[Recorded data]
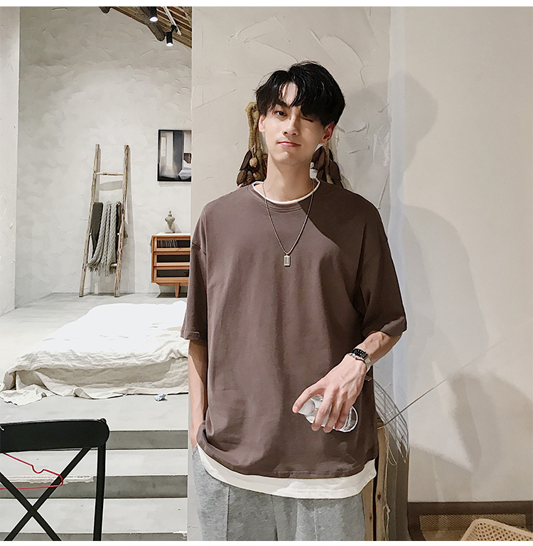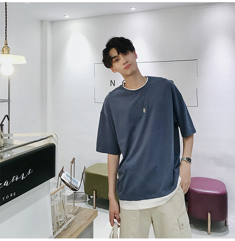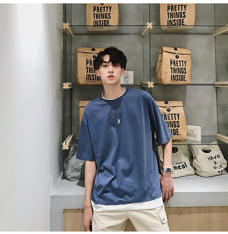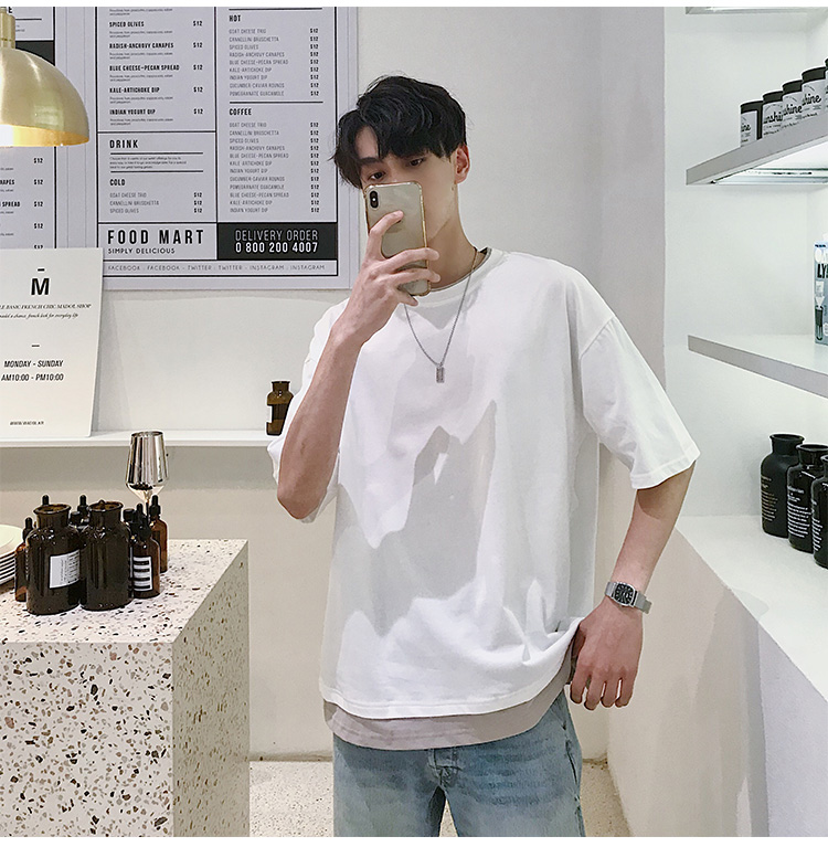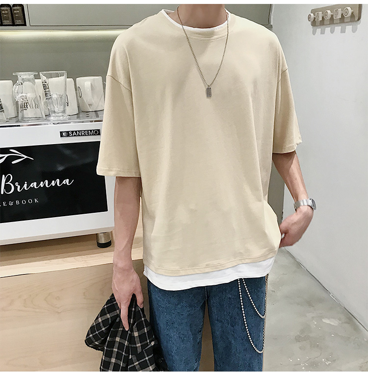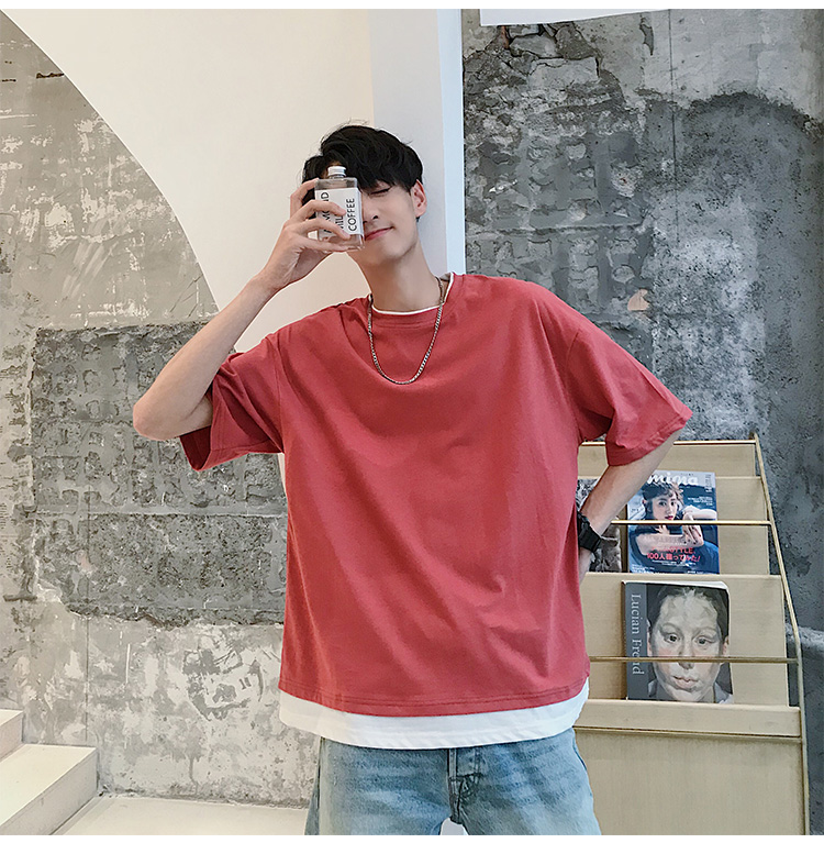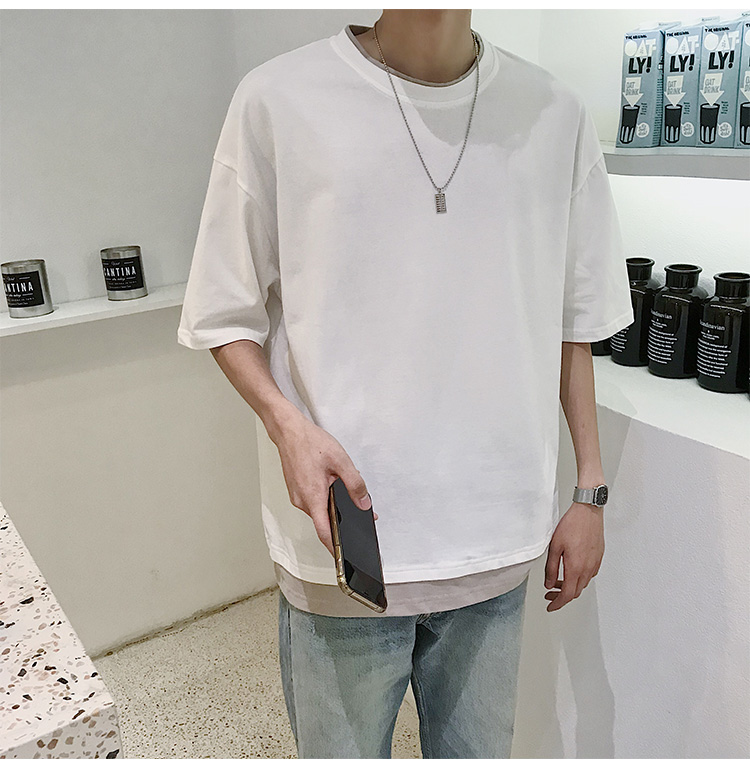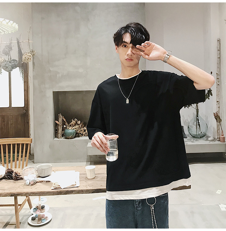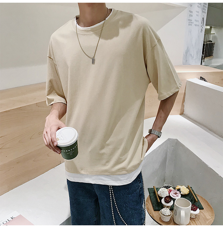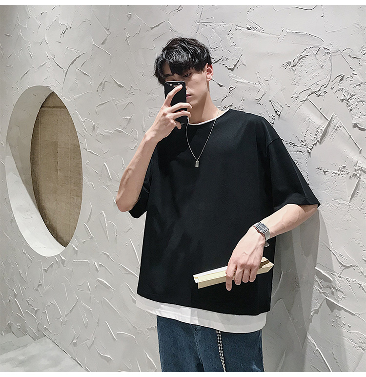 春夏季假兩件衛衣男短袖套頭港風bf寬松韓版潮流學生ins潮百搭T恤
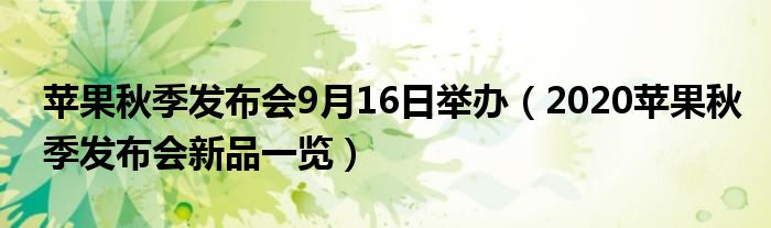 大家好,綜合小編來為大家講解下。蘋果秋季發布會9月16日舉辦,2020蘋果秋季發布會新品一覽很多人還不知道,現在讓我們一起來看看吧!
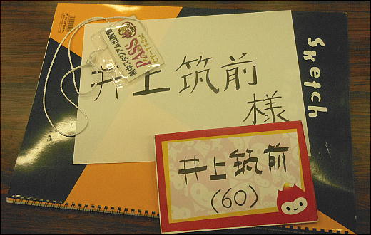 4人掛けのテーブルには、名札とスケッチブック、筆記具、屋内通行証などが置いてあって、どうやら番組ではこれらを使うらしい。
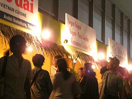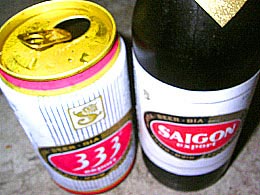 あとは、フォーやらエビせんやら春巻きやら……。さわやかにハーブのきいた食べ物たちを、ばりばり摂取。もちろんビールはベトナムのビール「333」!
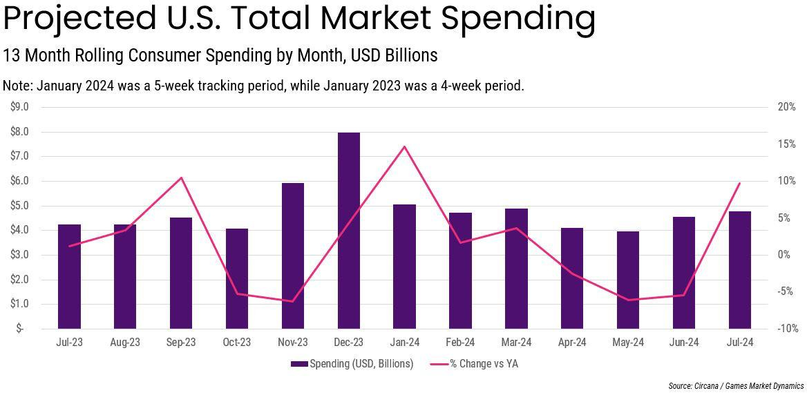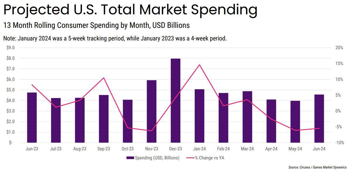 • The total revenue of the gaming market in June 2024 was $4.569 billion. This is 5% less than the previous year.
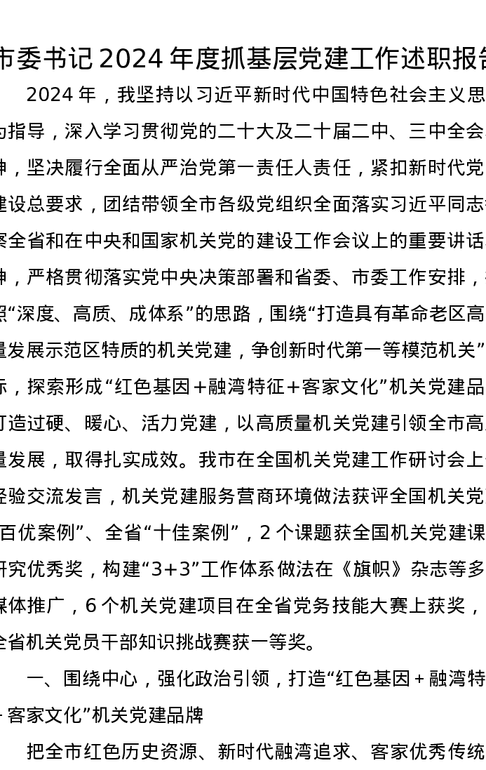 市委书记2024年度抓基层党建工作述职报告
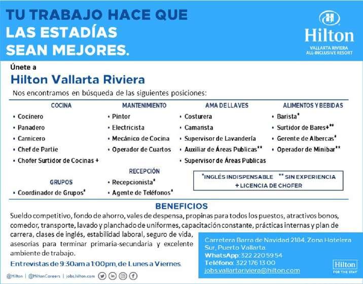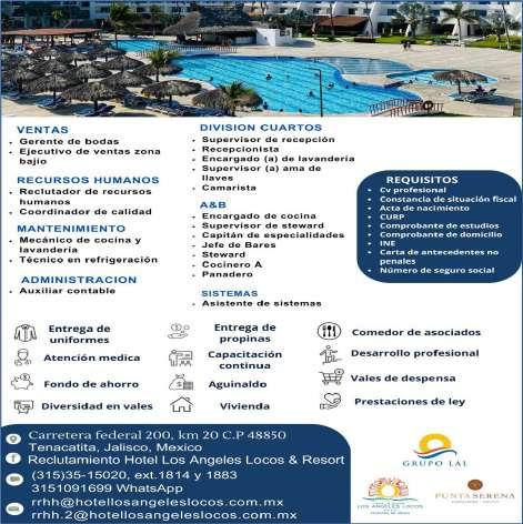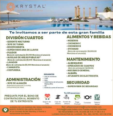 te, conozca la ciudad de Pto. Vallarta y Bahía de Banderas, ofrecemos sueldo base $2,000,
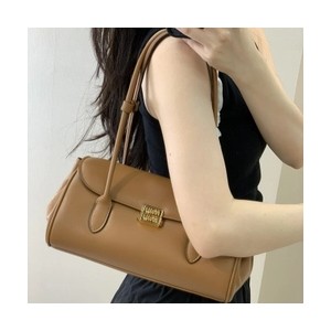 • 미우미우 가죽 스트랩 탑 핸들백 브라운
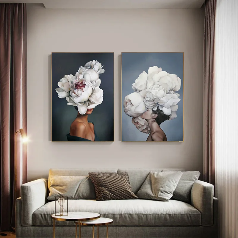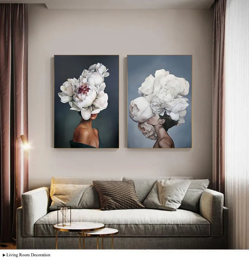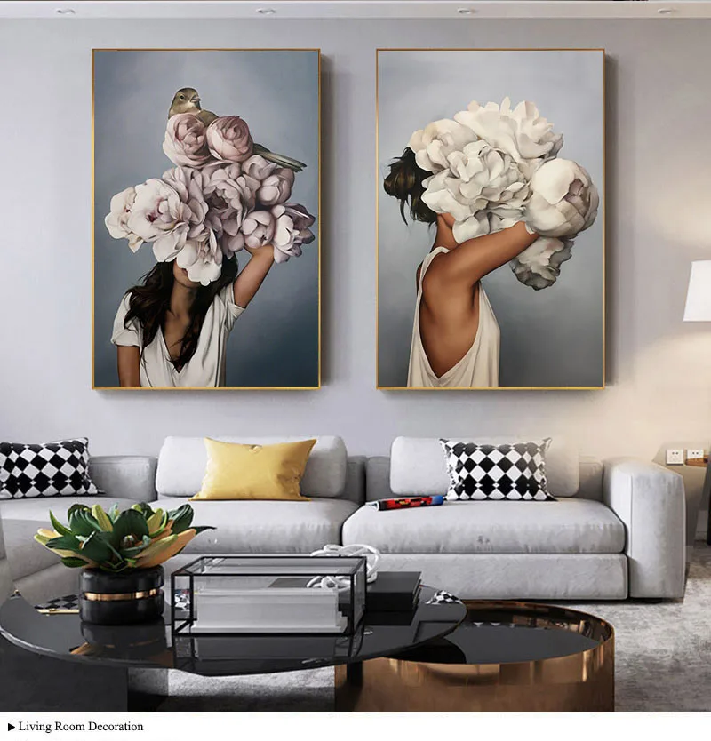 Цветы перо Женщины абстрактная картина холст абстрактная стена искусство плакат печать Современная декоративная картина украшение для гостиной
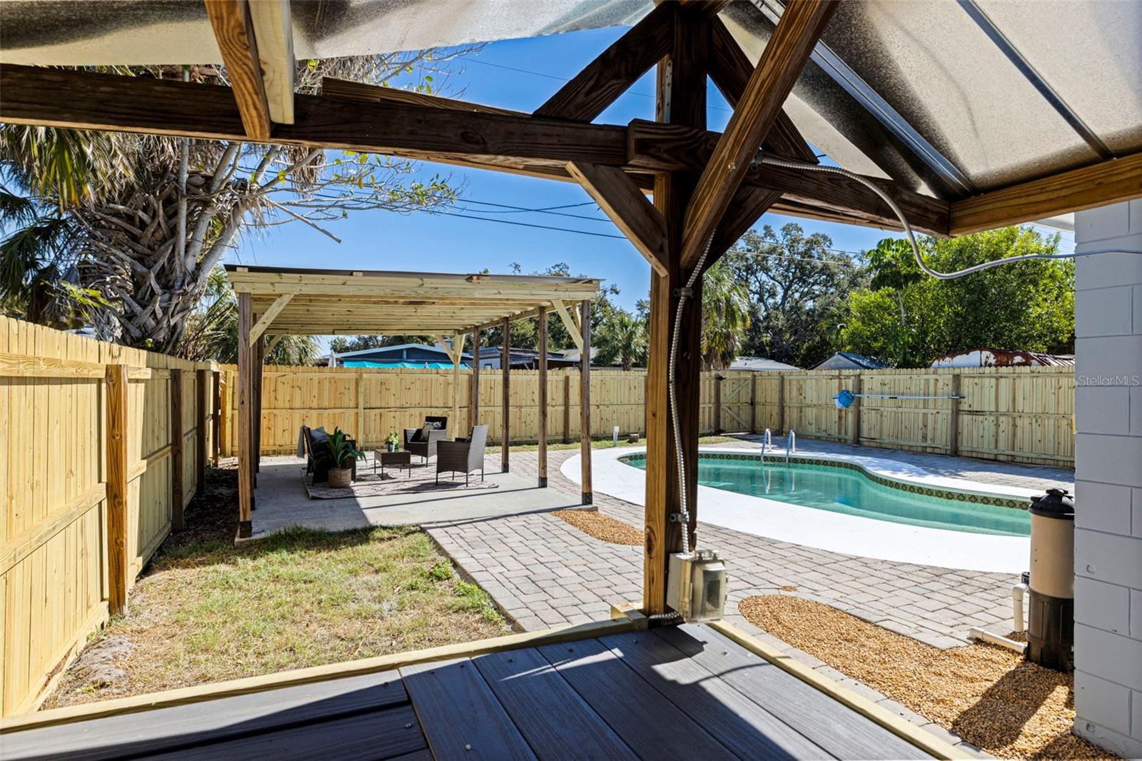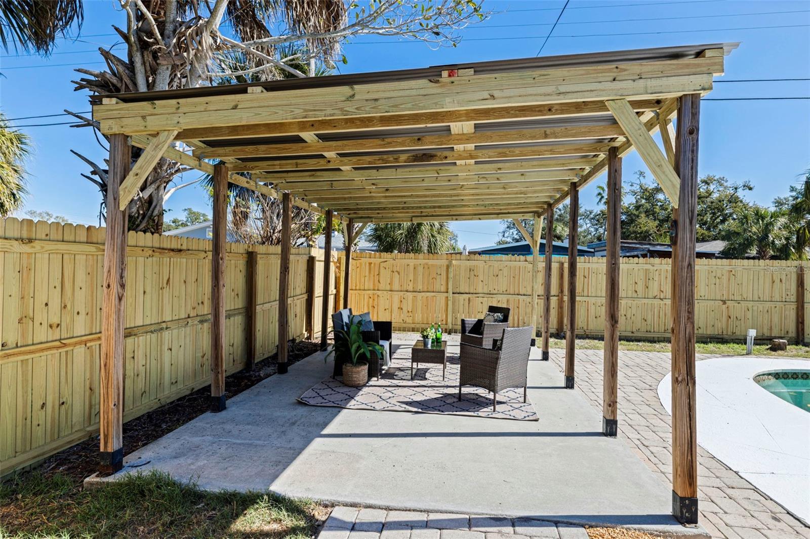 Welcome to this well-maintained 3-bedroom, 2-bath home with 1,236 sq ft of living space, located in one of South St. Petersburg’s most desirable neighborhoods. While the interior is comfortable and inviting, the true star of this home is the resort-style backyard built for year-round Florida living. Step outside to your private outdoor oasis, featuring an inground swimming pool, expansive brick patios, and multiple spaces designed for relaxing and entertaining. A tiki hut with bar seating and a covered pergola make this backyard perfect for hosting friends, weekend gatherings, or unwinding after a day at the beach. Inside, the home offers a bright and open living area with tile and laminate flooring throughout, a functional kitchen with ample cabinet space, and a split-bedroom floor plan that provides privacy for family and guests. Both bathrooms are conveniently located, making indoor-outdoor living easy and seamless. Located just minutes from beaches, dining, shopping, and downtown St. Petersburg, this home delivers the perfect combination of location, lifestyle, and an unforgettable backyard.
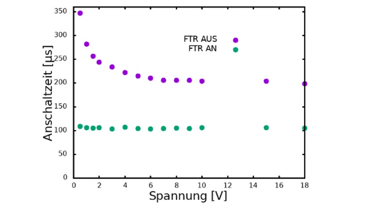 Die Timingmessung benötigt keine besondere Empfindlichkeit und erfolgt mit dem passiven Tastkopf an den Messerleisten (bei 10-MΩ-Kopplung). Dann wird die Anschaltzeit in Abhängigkeit von FTR und Normalmodus im Spannungsbereich von 0 V bis 20 V evaluiert cdn.weka-fachmedien.de/media_uploads/documents/1547652197-303-setrudisngl.zip" href="https://github.com/drconcon/LabCode/blob/master/trvstftr.py">[7]. Im FTR-Modus beträgt diese konstant etwa 100 µs, im Normalmodus steigt sie hin zu kleineren Spannungswerten an (Bild 11).

* Exercise details: Please output exactly the lines of the data above, from its first line through the line with "あとは、フォーやらエビせんや", and nothing else; drop the pictures.

* Answer space:
 春夏季假兩件衛衣男短袖套頭港風bf寬松韓版潮流學生ins潮百搭T恤
 大家好,綜合小編來為大家講解下。蘋果秋季發布會9月16日舉辦,2020蘋果秋季發布會新品一覽很多人還不知道,現在讓我們一起來看看吧!
 4人掛けのテーブルには、名札とスケッチブック、筆記具、屋内通行証などが置いてあって、どうやら番組ではこれらを使うらしい。
 あとは、フォーやらエビせんやら春巻きやら……。さわやかにハーブのきいた食べ物たちを、ばりばり摂取。もちろんビールはベトナムのビール「333」!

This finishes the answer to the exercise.